AlexMikhalev · May 22, 2020, 1:31pm

Now I have 3 steps in the pipeline and functioning , I want to add 4th - tokenisation using Bert Model.
Unfortunately, tokeniser depends on Pytorch which is ~800 MB download.
It seems after installation pytorch cluster becomes unstable:

161808:M 22 May 2020 15:01:13.516 * <module> GEARS: Successfully spellchecked sentence sentences:bafab6b3dd88dcdefe111698d02f81998c9accdb:236:{1x3}
161783:S 22 May 2020 15:03:42.420 * <module> Processing ./torch-1.4.0-cp37-cp37m-manylinux1_x86_64.whl

161783:S 22 May 2020 15:03:51.325 * <module> Installing collected packages: torch

161783:S 22 May 2020 15:04:02.674 * <module> Successfully installed torch-1.4.0

161783:S 22 May 2020 15:04:09.381 # <module> disconnected : 10.144.17.211:30006, status : -1, will try to reconnect.

161783:S 22 May 2020 15:04:09.402 # <module> disconnected : 10.144.17.211:30005, status : -1, will try to reconnect.

161783:S 22 May 2020 15:04:09.422 # <module> disconnected : 10.144.17.211:30003, status : -1, will try to reconnect.

161783:S 22 May 2020 15:04:09.443 # <module> disconnected : 10.144.17.211:30002, status : -1, will try to reconnect.

161783:S 22 May 2020 15:04:09.464 # <module> disconnected : 10.144.17.211:30004, status : -1, will try to reconnect.

The command I am trying to run gears-cli --host 10.144.17.211 --port 30001 tokenizer_bert_run.py --requirements requirements_tokenizer.txt

where requirements:

torch==1.4
transformers==2.9.1

and the code

tokenizer = None 


def loadTokeniser():
    global tokenizer
    from transformers import AutoTokenizer
    tokenizer = AutoTokenizer.from_pretrained("emilyalsentzer/Bio_ClinicalBERT")
    return tokenizer

def tokenise_sentence(record):
    global tokenizer
    if not tokenizer:
        tokenizer=loadTokeniser()
    sentence_key=x['key']
    sentence_orig=x['value']
    # sentence_key=record['value']['sentence_key']
    # sentence_orig=record['value']['content']
    shard_id=hashtag()
    log(f"Tokeniser received {sentence_key} and my {shard_id}")
    tokens = tokenizer.tokenize(record['value']['content'])
    key = "tokenized:bert:%s:{%s}" % (sentence_key,shard_id)
    for token in tokens:
        execute('lpush', key, token)
        execute('SADD','processed_docs_stage3_tokenized', sentence_key)


bg = GearsBuilder()
bg.foreach(tokenise_sentence)
bg.count()
bg.run('sentences:*')

I don’t think it reaches point where it runs code.
gears-cli times out with

Results
-------

Errors
------
%d)     %s (1, 'Execution max idle reached')

meirsh · May 22, 2020, 1:47pm

@AlexMikhalev can you share the full logs of all the shards?
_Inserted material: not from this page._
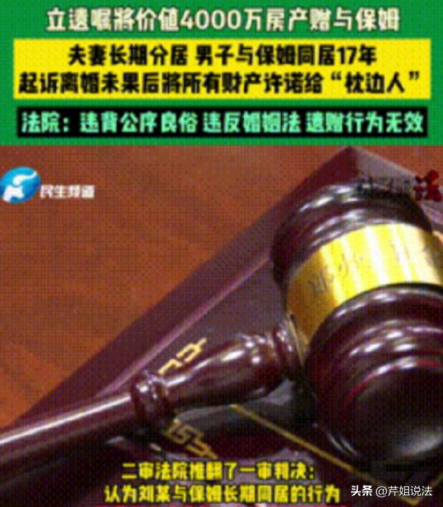深圳,一男子跟保姆好上了,俩人还跑到外面同居了17年。保姆一直撺掇男子离婚,但是原配妻子坚决不肯离婚。男子无奈只能起诉判离,但是遭到相关部门拒绝。男子又想办法立下遗嘱,把300平方的房子、4000万的财产全都赠与保姆。就在打离婚官司期间,男子离开人世,保姆就拿出遗嘱准备继承男子的财产。但是,妻子不同意,保姆则准备上诉争夺财产。 当保姆上诉后,没想到相关部门的判决让她大跌眼镜,做了人家17年的第三者,最后就只能灰溜溜跑路。 (本案例取材于:河南民生频道) 婚外的恋情,最终会换来怎样的代价呢?放心,法律都结算的明明白白。 一男子刘某竟然爱上了来家做保姆的杨某,当年杨某只有38岁,年轻、会照顾人、还很体贴。 刘某经常暗地里跟杨某有来往,两个人就这样好上了。刘某甚至还背着妻子陈某,直接就跟杨某在家里的房间里滚床单。 就这样,两个人有了很不正确的关系。被原配妻子陈某知道后,这两个人也不知悔改,甚至还扬言,准备私奔,要搬出去居住。 刘某在外面找了房子,带着保姆杨某,二人过上了没羞没臊的生活,两个人甚至还非法同居长达17年。 要说这17年内,保姆杨某真的是没少闹心,一直撺掇着刘某赶紧跟妻子离婚。 但是每次只要提到离婚,都会被妻子陈某严词拒绝。妻子坚守阵地,一直守护着二人之间的合法关系。 可是,丈夫的心早就飞走了,这个家庭也被杨某给破坏了,要说气,妻子是真的气。但是,她留守婚姻,就是为了争一口气。 而丈夫跟保姆那边,完全没有放弃,仍然在坚持着。 丈夫刘某一直心心念念的要给保姆一个名分,于是就发起了离婚诉讼,第一次上诉后,被相关部门驳回。 驳回之后,刘某为了给保姆杨某留个后路,回来就写下了遗嘱,要把名下300平的房子、以及4000万的财产,全都赠与保姆杨某。 看到这份遗嘱的时候,杨某可开心了,她感觉,做第三者这么多年,没白费。 之后刘某则继续上诉,这一次相关判离了,但是原配妻子陈某坚持不答应,提出了上诉,因此也就没有最终判决。 婚姻还没有结束,但是刘某却倒下了。 一切来的就是这么突然,刘某突发疾病离世,他跟陈某仍然是合法的夫妻。 但是保姆杨某却带着遗嘱上门了,要求原配陈某将财产分给她。 原配当初就拒绝,并且抛下一句话:有本事你去上诉。 没想到这个杨某还真的不要脸,果然就上诉了。那么,相关部门会判定,这个遗嘱可以生效吗?保姆可以把财产都卷走吗? 终审判决,让大家都大跌眼镜。 刘某跟保姆杨某的长期同居行为,违反婚姻法的规定——禁止有配偶者跟他人同居。 另外,这俩人的行为违背公序良俗,违背夫妻的忠实义务。 在夫妻婚姻关系存续中,刘某没有征得原配妻子的同意,当方面处分大额财产,准备立遗嘱留给杨某,此举已经侵犯了配偶的财产处理权。 最后判决:刘某的遗嘱全部无效,300平的房子、4000万的财产,全都归原配妻子陈某以及其子女继承。 看来,保姆杨某还是笑的太早了,原配才是那个可以笑到最后的人。 在婚姻存续期间,男子长期跟保姆同居,还立遗嘱试图把夫妻共同财产留给保姆(第三者)继承。这个遗嘱是否可以生效呢? 这个遗嘱通常不会生效。 根据《民典法》第8条规定,民事主体从事民事活动,不得违反法律,不得违背公序良俗。《民典法》第1153条规定,处分夫妻共同财产的,一方不得擅自处分全部财产。 法律有明确规定,在婚姻存续期间,丈夫单方面将夫妻共同财产赠与长期共同居住的保姆,即便遗嘱的形式合法,但是内容违背了《民典法》中的公序良俗原则,因此无效。 刘某跟杨某本身行为就不合法,立下的遗嘱也会因为违反公序良俗和侵犯配偶对共同财产的平等处理权,会被判定无效。 婚姻忠诚,这并非一句空话,婚外的恋情,伤害原配、伤害家人、破坏家庭、更加无法得到法律的庇护。 违背法律跟道德的财产约定,最终也只是镜花水月一场空。 对于本案,您怎么看呢?

I guess its just takes to long to install this requirement and we are reaching execution Max idle timeout (by the way I already have a PR that set the requirement installation idle timeout to longer value by default because it make sense it might take a while https://github.com/RedisGears/RedisGears/pull/326). Notice that you can increase this timeout https://oss.redislabs.com/redisgears/configuration.html#executionmaxidletime.
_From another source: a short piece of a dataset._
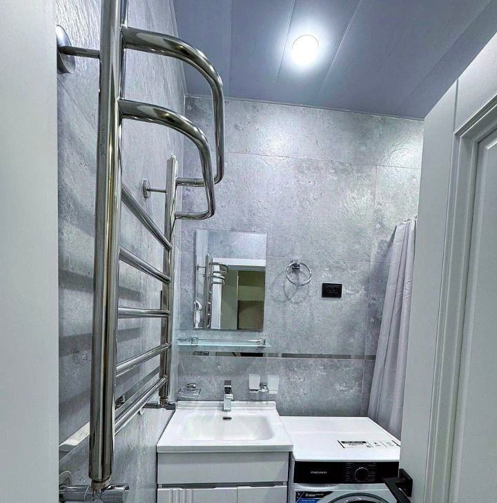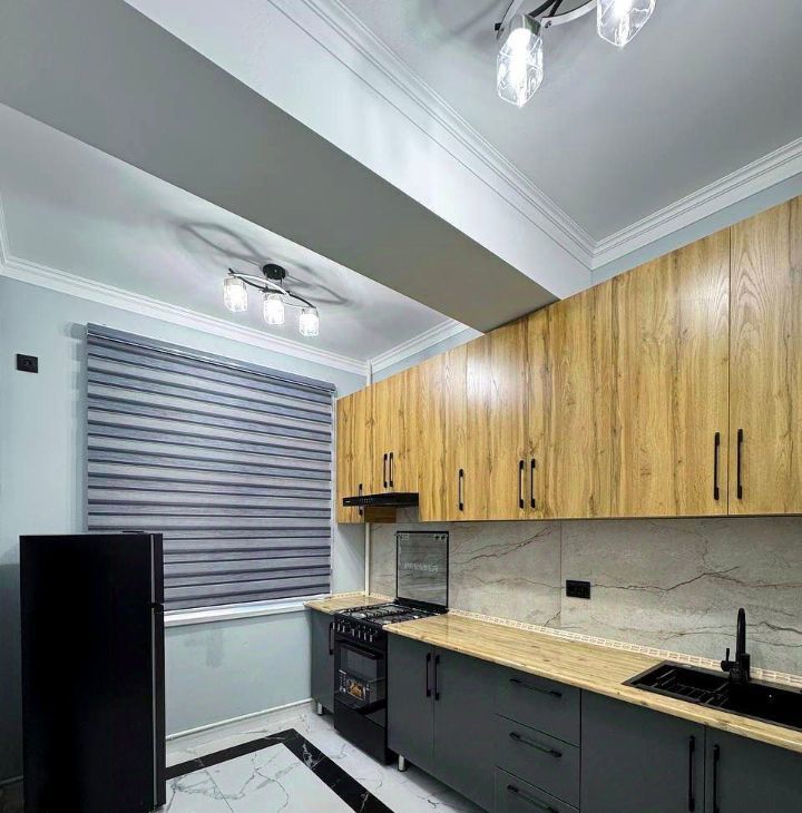 В квартире сделан свежий ремонт, что позволяет сразу заехать и наслаждаться уютом. В комнате есть вся необходимая мебель и техника: удобный диван, шкаф для одежды, обеденный стол. Кухня оборудована современной бытовой техникой, включая холодильник и плиту. Санузел совмещённый, в нём установлена новая сантехника.

AlexMikhalev · May 22, 2020, 1:57pm

@meirsh is any way to get debug log out of shards?
I am running ./create-cluster tailall and excerpt is above - nothing else, no failures.
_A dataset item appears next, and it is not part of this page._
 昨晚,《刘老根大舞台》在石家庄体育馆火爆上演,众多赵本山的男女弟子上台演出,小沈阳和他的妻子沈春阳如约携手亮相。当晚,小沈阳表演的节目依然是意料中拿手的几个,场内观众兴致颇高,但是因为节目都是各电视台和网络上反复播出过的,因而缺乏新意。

AlexMikhalev · May 22, 2020, 2:02pm

I increased redis-trib.py execute --addr 10.144.17.211:30001 --master-only RG.CONFIGSET ExecutionMaxIdleTime 30 and tried to re-submit the same script as above. Resulted in segfault - see gist.

gist.github.com

https://gist.github.com/AlexMikhalev/e3f8c8da7d0d865c88d06fa6af5e4c1a

dump.txt

161783:S 22 May 2020 15:59:26.305 # === ASSERTION FAILED ===
161783:S 22 May 2020 15:59:26.305 # ==> src/cluster.c:215 'reply->type == REDIS_REPLY_STATUS' is not true
161783:S 22 May 2020 15:59:26.305 # (forcing SIGSEGV to print the bug report.)
161783:S 22 May 2020 15:59:26.305 # Redis 6.0.1 crashed by signal: 11
161783:S 22 May 2020 15:59:26.305 # Crashed running the instruction at: 0x55dbdad6b99f
161783:S 22 May 2020 15:59:26.305 # Accessing address: 0xffffffffffffffff
161783:S 22 May 2020 15:59:26.305 # Failed assertion: reply->type == REDIS_REPLY_STATUS (src/cluster.c:215)

------ STACK TRACE ------
EIP:

This file has been truncated. show original

meirsh · May 22, 2020, 2:17pm

OK @AlexMikhalev the issue is also this:
Downloading torch-1.4.0-cp37-cp37m-manylinux1_x86_64.whl (753.4 MB)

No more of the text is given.